Шрифт:
Закладка:
Ирония состоит в том, что столь осуждаемая сегодня в Америке перемена германской позиции в последующем и постепенно устанавливающемся понимании немцев позиция американцев в Берлинском кризисе имеет свою исходную точку. Прежде всего было много безмолвной досады и громкого оплакивания относительно "позорной стены". Затем, мало-помалу, возник вопрос: "Да, что же могли бы сделать американцы?" Они именно в Берлине при чрезвычайном обострении легко попали бы в положение, когда должны были бы сделать первый выстрел (у русских имелись возможности бескровной блокады); и они не смогли бы защищать Берлин без атомной эскалации или угрозы эскалации. Размышления о Берлинском кризисе и его возможном альтернативном ходе впервые привели многих немцев к осознанию того, что в действительности означала бы атомная война на немецкой земле – или стала бы означать; постепенно выработалось чувство "мы ещё раз пришли к этому"; позволило постепенно разочарованию стать облегчением; так что Кеннеди, в конце концов, спустя два года после строительства стены, мог быть встречен в Берлине с ликованием, в то время как прибывший с ним Аденауэр оставался незамеченным, как человек, который обещал слишком много.
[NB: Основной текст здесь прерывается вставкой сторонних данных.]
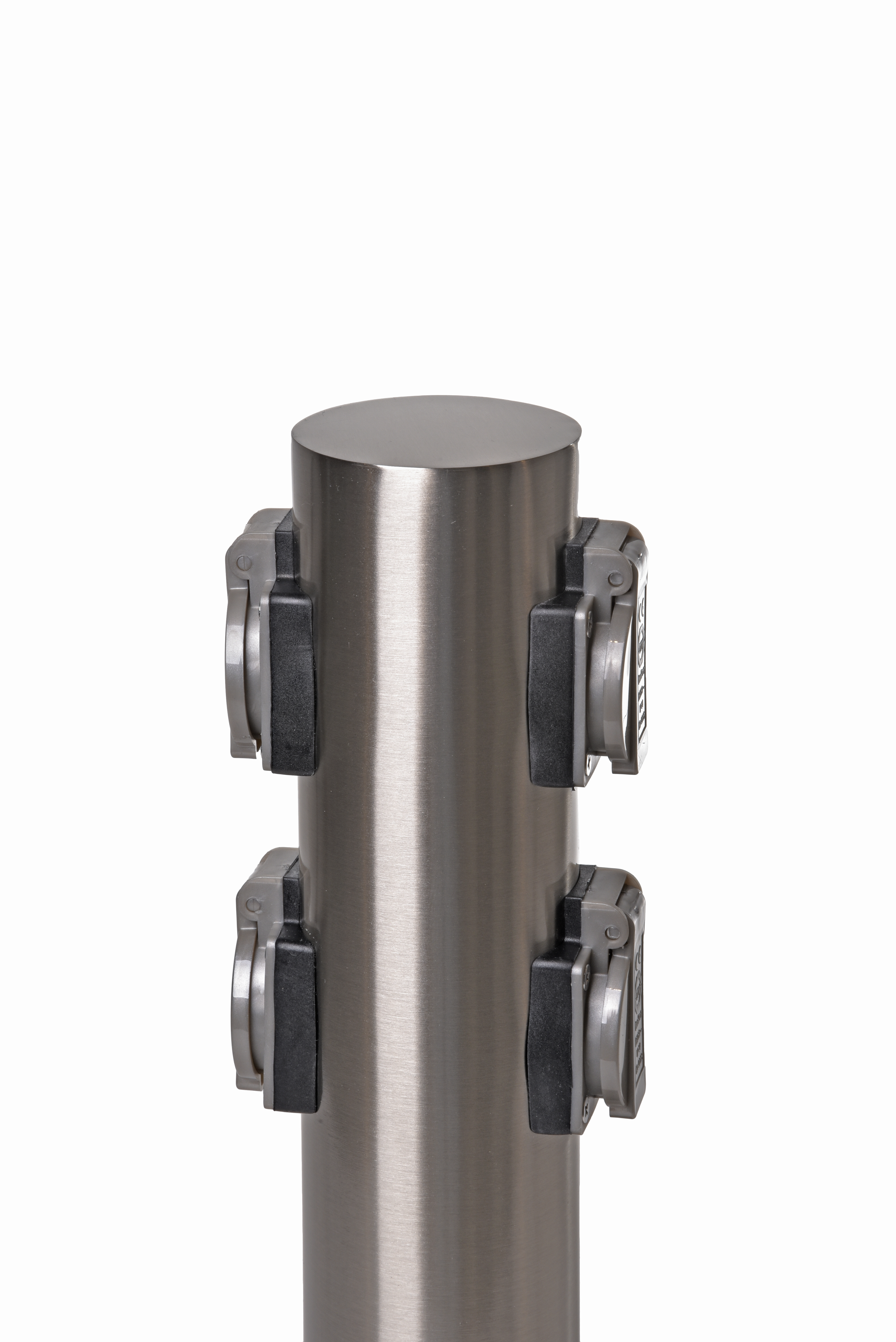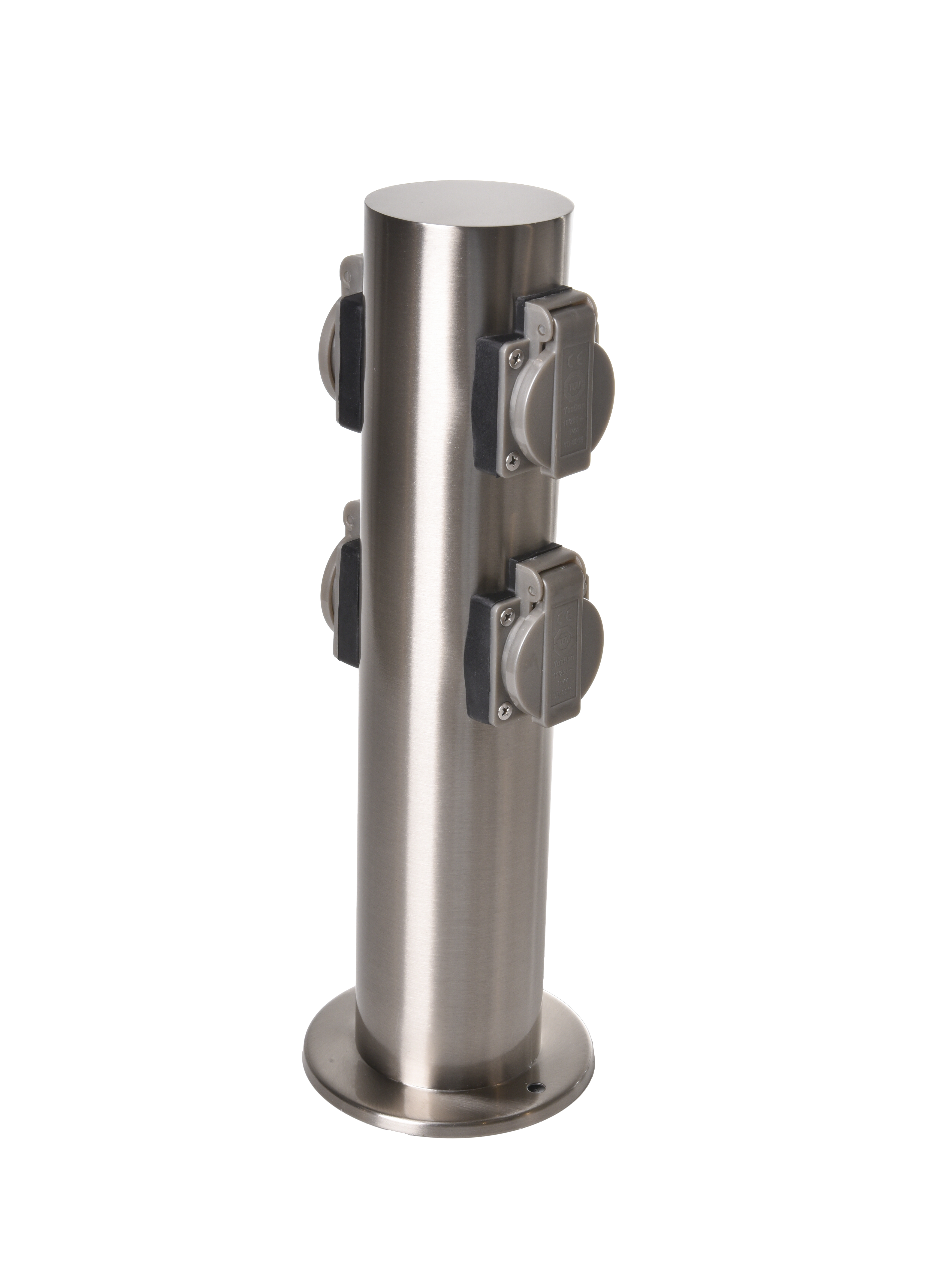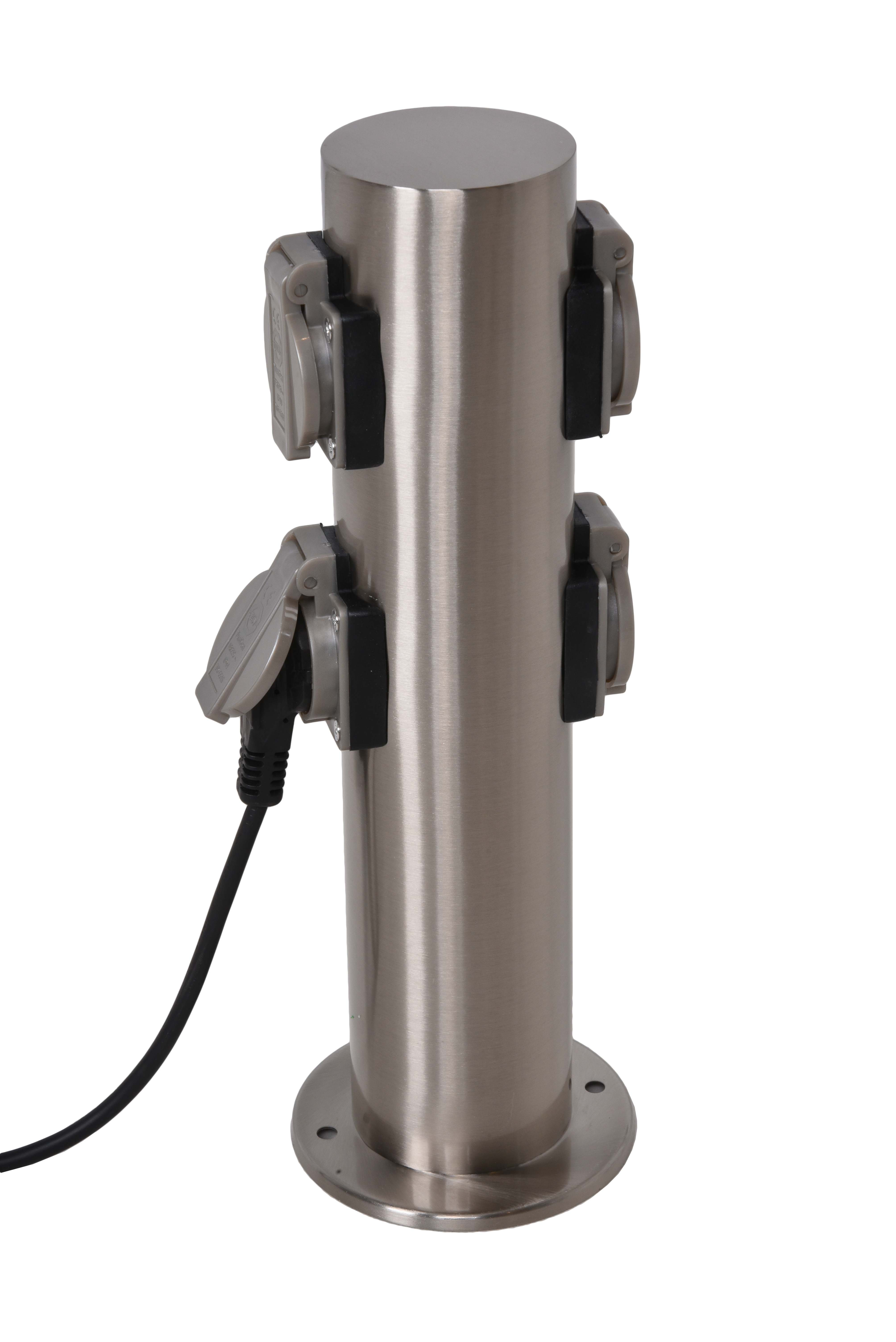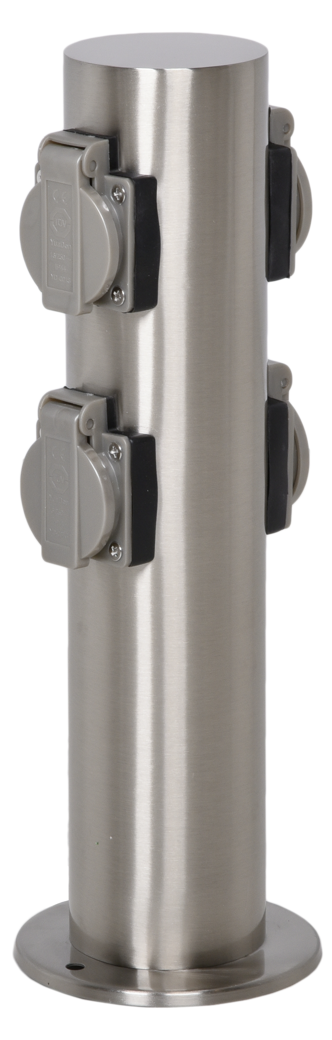Infotext 1: runder Edelstahlkörper, inkl. 2 Steckdosen
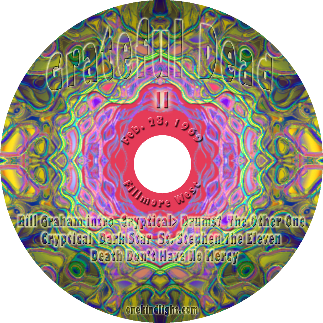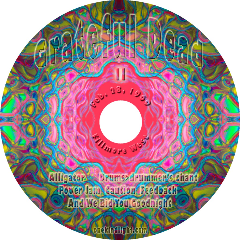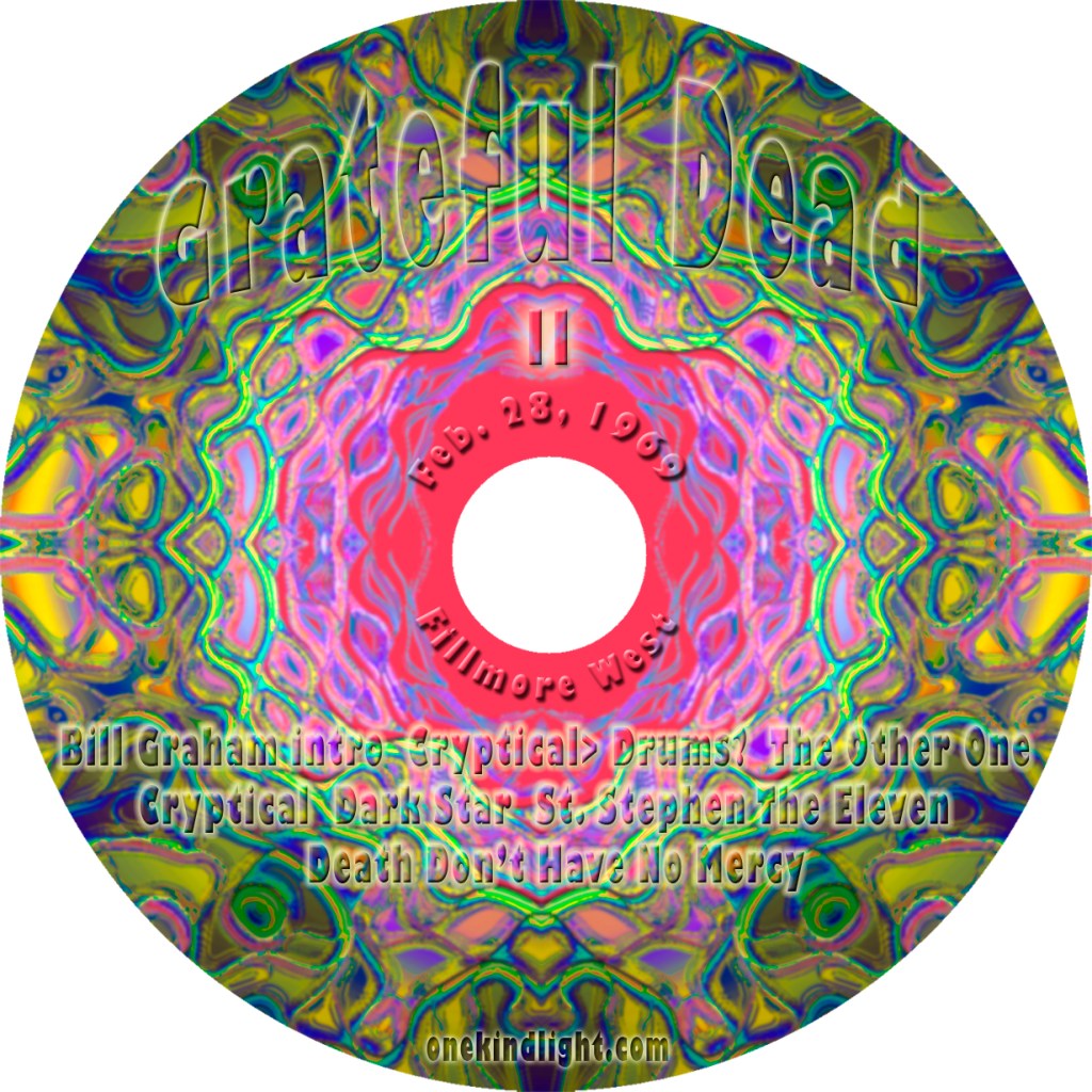 February 28, 1969 Set One: Morning Dew, Schoolgirl, Doin’ That Rag, King Bee, Lovelight Set Two: Cryptical>The Other One>Cryptical>Dark Star>St. Stephen>The Eleven>Death Don’t Have No Mercy, Alligator>Caution>Feedback>We Bid You Goodnight (Two Cd’s) Share this: Click to share on X (Opens in new window) X Click to share on Facebook (Opens in new window) Facebook Like Loading...
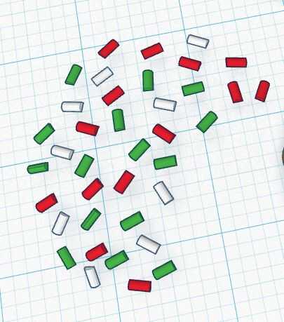 Estas son la parte más difícil. En primer lugar, en la foto, no hay sólo una, sino tres grupos de chispitas. Esto es para ayudar con la impresión en color, si esta opción está disponible. Esto todo se debe completar en la base de galleta original. Cada aspersión tiene la misma forma cilíndrica mitad techo; sin embargo, cada uno es en su propio plano, un lugar horizontal y conectado con la cookie. Se deben agrupar al azar suficiente para que los colores ser creíble, así que pasar por poner todos los sprinkles en, volver a través y reagruparlos dependiendo de lo que parece el mejor.

Как известно, Берлинская стена была началом конца периода Аденауэра. Тогда начался левый сдвиг в политике ФРГ, продолжавшийся на протяжении всех шестидесятых, до смены власти в 1969 году, который сделал возможным внешнеполитический эпохальный перелом 1970-1971 гг. Однако было бы поверхностно рассматривать смену взглядов, которая тогда начала происходить в Германии, только в партийно-политических определениях. Партийно-политически это выглядит совершенно принадлежащим к тому времени, которое здесь будет описано, после новой смены власти. Примечательным, однако, является то, что она ничего существенного больше не изменила бы в трансформировавшейся базовой позиции Федеративной Республики.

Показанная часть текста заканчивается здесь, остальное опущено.